Lycopene promoted M2 macrophage polarization via inhibition of NOTCH1-PI3K-mTOR-NF-κB-JMJD3-IRF4 pathway in response to Escherichia coli infection in J744A.1 cells

Escherichia coli ( E. coli ) can induce severe clinical bovine mastitis, which is to blame for large losses experienced by dairy farms. Macrophage polarization into various states is in response to pathogen infections. Lycopene, a naturally occurring hydrocarbon carotenoid, relieved inflammation by controlling M1/M2 status of macrophages. Thus, we wanted to explore the effect of lycopene on polarization states of macrophages in E. coli -induced mastitis. Macrophages were cultivated with lycopene for 24, before E. coli inoculation for 6 h. Lycopene (0.5 μmol/L) significantly enhanced cell viabilities and significantly reduced lactic dehydrogenase (LDH) levels in macrophages, whereas 2 and 3 μmol/L lycopene significantly enhanced LDH activities.
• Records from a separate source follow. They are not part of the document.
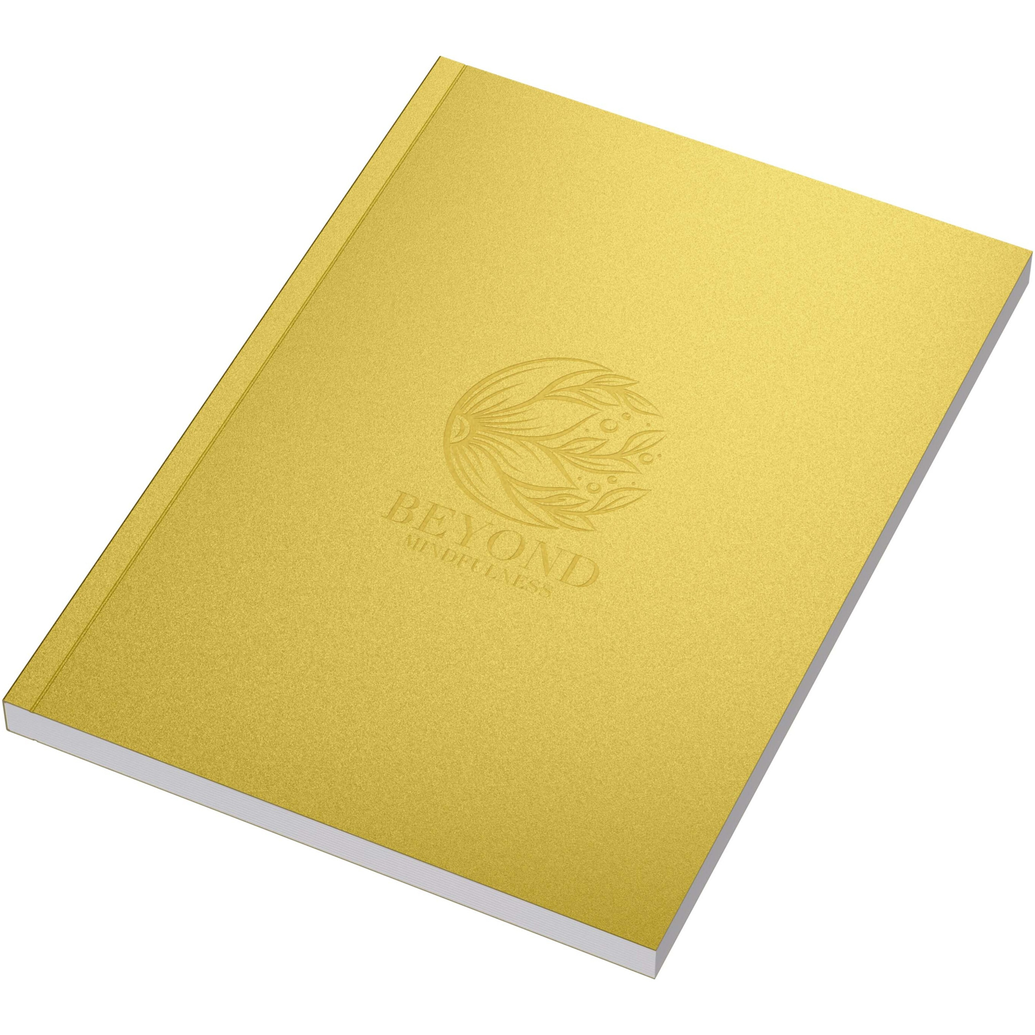 Anteckningsboken Novella Austen A5 med mjukt metallomslag är en fantastisk anteckningsbok tack vare sin mångsidighet. Anteckningsblocket har 100 ark 80 g/m² papper. Arken är blanka som standard, sen kan du lägga till din egen valda design på arken, t. ex. linjer, rutor eller din egen anpassade design. Metallomslaget är tillverkat av 300 g/m² kartong och kan tryckas i fullfärg över hela omslaget (fram- och baksida, rygg). Tillverkad i Storbritannien.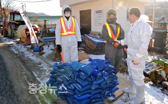 구는 지난 16일 소 605두에 대한 백신접종을 완료, 완벽한 방역을 위해 칼바람 속에서도 꿋꿋이 근무에 임하는 한편 지금까지 완벽 방역활동을 전개하고 있는 직원들과 군장병들을 격려하기 위해 지난 16일 박용갑 청장은 정생동 방역초소를 방문해 근무자들을 격려하고 함께 방역활동도 전개했다.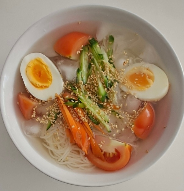소면을 삶고, 육수에다 당근, 오이, 토마토, 삶은 달걀을 얹은 다음 얼음을 가득 담고, 끝으로 참기름 한 방울, 참깨로 마무리.

Lycopene treatment significantly reduced the increase in LDH release, iNOS, CD86, TNF-α, IL-1β and phosphatase and tensin homolog (PTEN) expressions in E. coli group. 0.5 μmol/L lycopene significantly increased E. coli -induced downregulation of CD206, arginase I (ARG1), indoleamine 2,3-dioxygenase (IDO), chitinase 3-like 3 (YM1), PI3K, AKT, p-AKT, mammalian target of rapamycin (mTOR), p-mTOR, jumonji domain-containing protein-3 (JMJD3) and interferon regulatory factor 4 (IRF4) levels. Moreover, Ginkgolic acid C17:1 (a specific PTEN inhibitor), 740YPDGFR (a specific PI3K activator), SC79 (a specific AKT activator) or CHPG sodium salt (a specific NF-κB activator) significantly decreased CD206, AGR1, IDO and YM1 expressions in lycopene and E. coli -treated macrophages. Therefore, lycopene increased M2 macrophages via inhibiting NOTCH1-PI3K-mTOR-NF-κB-JMJD3-IRF4 pathway in response to E. coli infection in macrophages. These results contribute to revealing the pathogenesis of E. coli -caused bovine mastitis, providing the new angle of the prevention and management of mastitis.